Brassica rapa is a plant species growing in various widely cultivated forms including the turnip (a root vegetable); napa cabbage, bomdong, bok choy, and rapini.

Brassica rapa subsp. oleifera is an oilseed which has many common names, including rape, field mustard, bird's rape, and keblock. The term rapeseed oil is a general term for oil from Brassica species. Food grade oil made from the seed is also called canola oil, while non-food oil is called colza oil. Canola oil is sourced three species of Brassica plants: Brassica rapa and Brassica napus are commonly grown in Canada, while Brassica juncea (brown mustard) is a minor crop for oil production.

History

The origin of B. rapa, both geographically and any surviving wild relatives, has been difficult to identify because it has been developed by humans into many types of vegetables, is now found in most parts of the world, and has returned to the wild many times as a feral plant. A study of genetic sequences from over 400 domesticated and feral B. rapa individuals, along with environmental modelling, has provided more information about the complex history. These indicate that the ancestral B. rapa probably originated 4000 to 6000 years ago in the Hindu Kush area of Central Asia, and had three sets of chromosomes. This provided the genetic potential for a diversity of form, flavour and growth requirements. Domestication has produced modern vegetables and oil-seed crops, all with two sets of chromosomes.
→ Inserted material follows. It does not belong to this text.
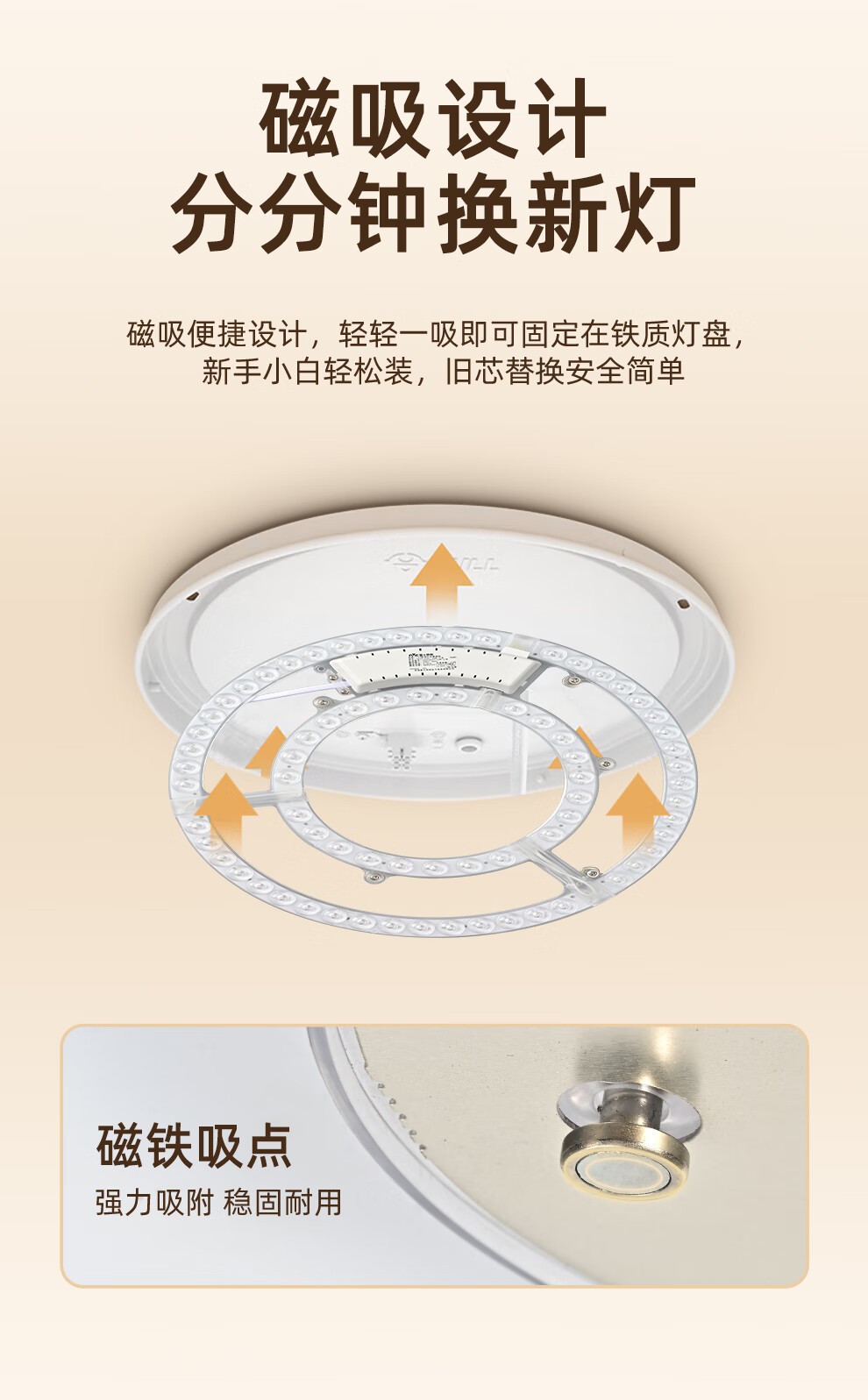 雷士(NVC)led吸顶灯芯改造灯板磁吸灯泡灯条贴片替换灯盘光源灯珠灯管 【进口普瑞全光谱】Ra97-48瓦白光/20-26㎡

Oilseed subspecies (oleifera) of Brassica rapa may have been domesticated several times from the Mediterranean to India, starting as early as 2000 BC. Edible turnips were possibly first cultivated in northern Europe, and were an important food in ancient Rome. The turnip then spread east to China, and reached Japan by 700 AD. There are descriptions of B. rapa vegetables in Indian and Chinese documents from around 1000 BC.

In the 18th century, the turnip and the oilseed-producing variants were seen as being different species by Carl Linnaeus who named them B. rapa and B. campestris. Twentieth-century taxonomists found that the plants were cross fertile and thus belonged to the same species. Since the turnip had been named first by Linnaeus, the name Brassica rapa was adopted.

Uses
Many butterflies, including the small white, feed from and pollinate the B. rapa flowers.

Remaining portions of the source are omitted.